**DATA FOR PROCESSING**
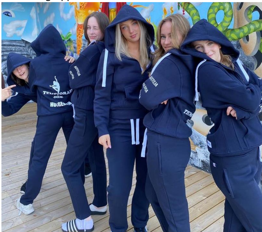
Den flotte instruktørgjengen i DUG-Balestrand.

Det er heilt vanleg å vere usikker. Mitt råd er «å berre hoppe i det». DUG Balestrand har gått frå å vere nokså små til at vi dette året har fire ulike dansegrupper. Det er kult!
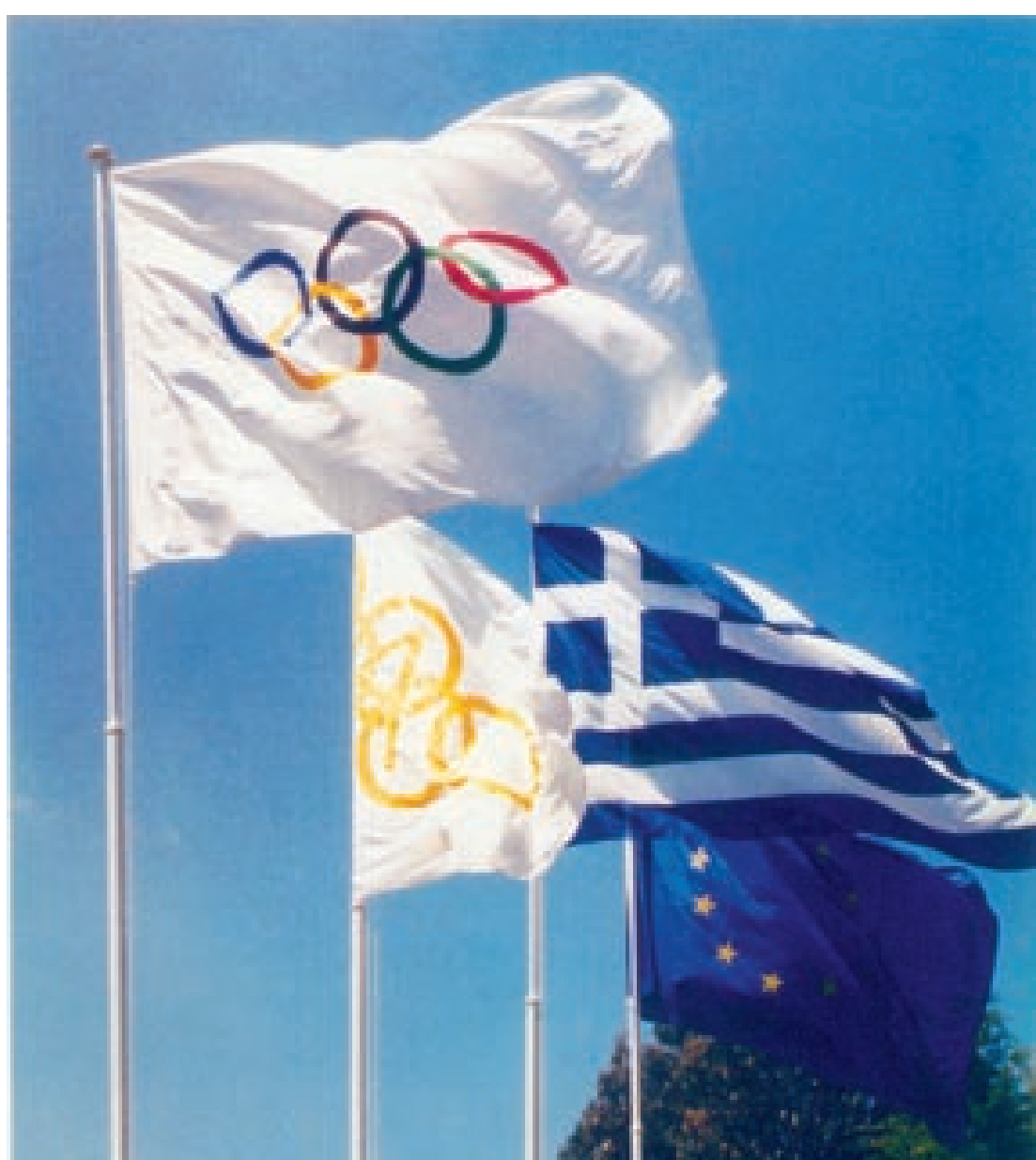
Rahvusvahelise Olümpiaakadeemia lipumastis lchvib olümpialipp

Täna on maailm hoopis midagi muud, kui see oli Pierre de Coubertini aegadel. Muutunud on ka olümpialiikumine. Leidub neid, kelle arvates polegi olümpiaideedel tänapäeva ühiskonnas enam ellujäämisvõimalust. Loodetavasti seesugused pessimistid siiski eksivad, ehkki olümpialiikumist saadab tõepoolest mitu arutlemist ja lahendust leidmist väärt probleemipundart.
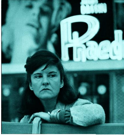
In Paris in den 1960ern.
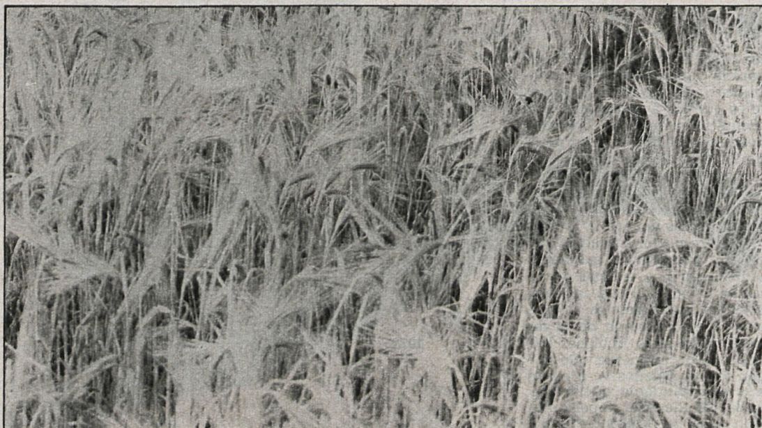
El trigo aumentó 500 hectáreas en superficie de cultivo, pasando de 42.000 de la campaña anterior a las 42.500 actuales

Para los pastos, a pesar de no haber otoñada y que el invierno, con sus heladas, fue bastante riguroso, se espera que las lluvias caídas durante estas últimas semanas consigan una recuperación para mantener la cabaña extensiva durante el mes de mayo.
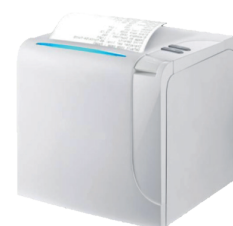
Puede colocarse verticalmente para la salida de papel desde arriba
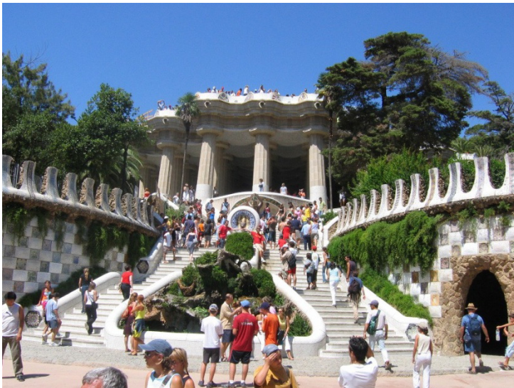
Parc Güell - Barcellona
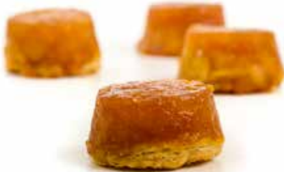
4381 Mini Tarta Tatin ☞48u/c ☞32g/u ☞900W 25"
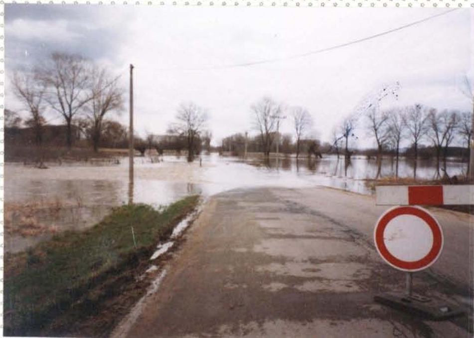
Voda zaplavila silnici Příbrze - Polsoňelice
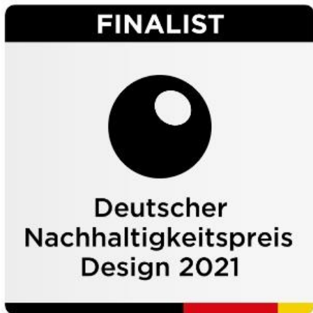
Grafik: Deutscher Nachhaltigkeitspreis
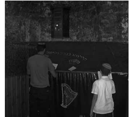
Fromme Juden am Grab Davids in Jerusalem

Im traditionellen Judentum sind die Wallfahrten eng mit den drei
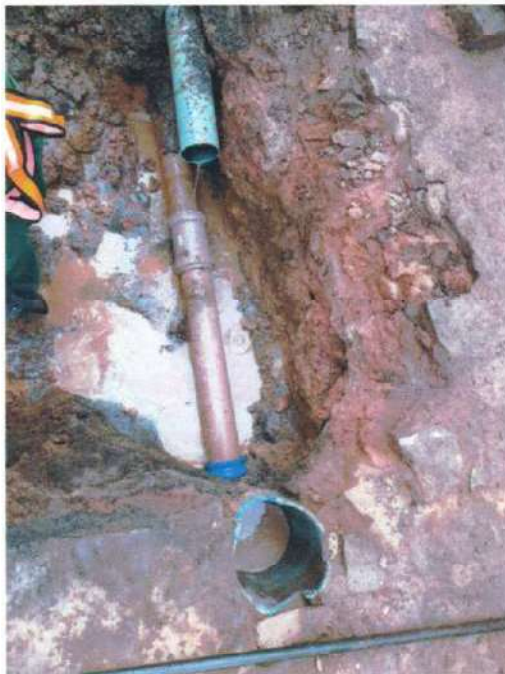
Figura 2; manutenção emergencial Bairro 17.
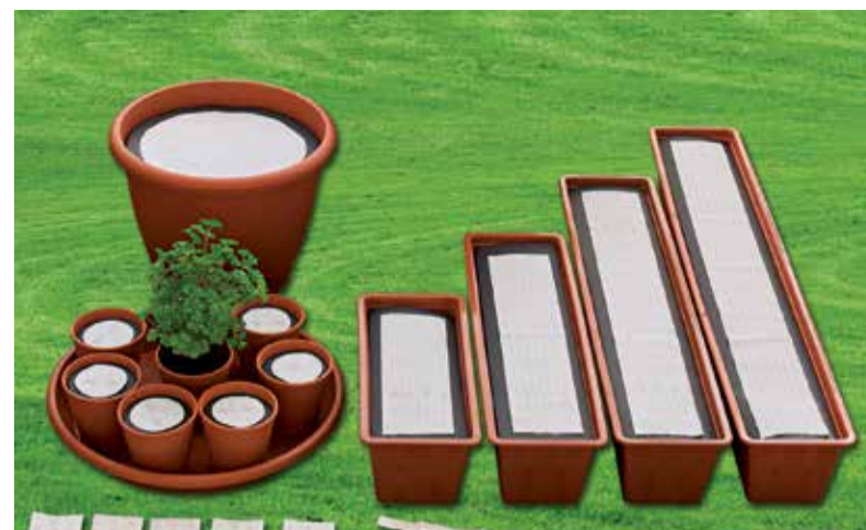
» Różne, wygodne formy rozłożenia nasion na celulozie
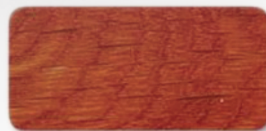
WS 169 Orange
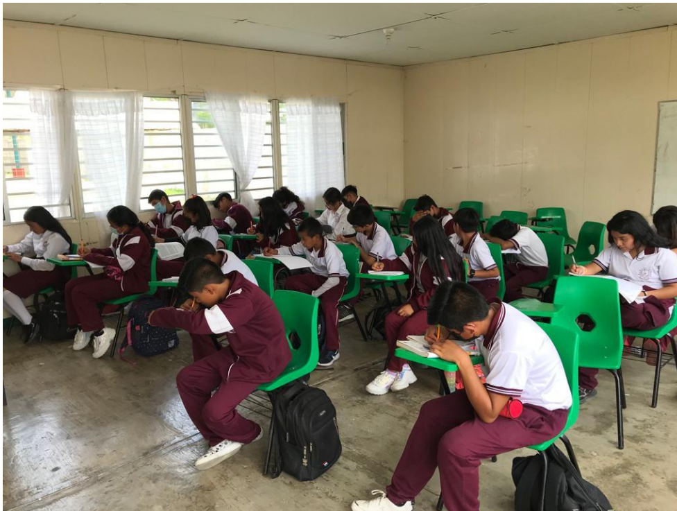
Ilustración 4 Jóvenes de la Escuela secundaria técnica # 107 Tzimol Chiapas

**THE PROBLEM**
Your output should be only the lines from the line with "Para los pastos, a" through the end of the data, exactly as they stand, and no pictures.

**TASK RESPONSE**
Para los pastos, a pesar de no haber otoñada y que el invierno, con sus heladas, fue bastante riguroso, se espera que las lluvias caídas durante estas últimas semanas consigan una recuperación para mantener la cabaña extensiva durante el mes de mayo.
Puede colocarse verticalmente para la salida de papel desde arriba
Parc Güell - Barcellona
4381 Mini Tarta Tatin ☞48u/c ☞32g/u ☞900W 25"
Voda zaplavila silnici Příbrze - Polsoňelice
Grafik: Deutscher Nachhaltigkeitspreis
Fromme Juden am Grab Davids in Jerusalem

Im traditionellen Judentum sind die Wallfahrten eng mit den drei
Figura 2; manutenção emergencial Bairro 17.
» Różne, wygodne formy rozłożenia nasion na celulozie
WS 169 Orange
Ilustración 4 Jóvenes de la Escuela secundaria técnica # 107 Tzimol Chiapas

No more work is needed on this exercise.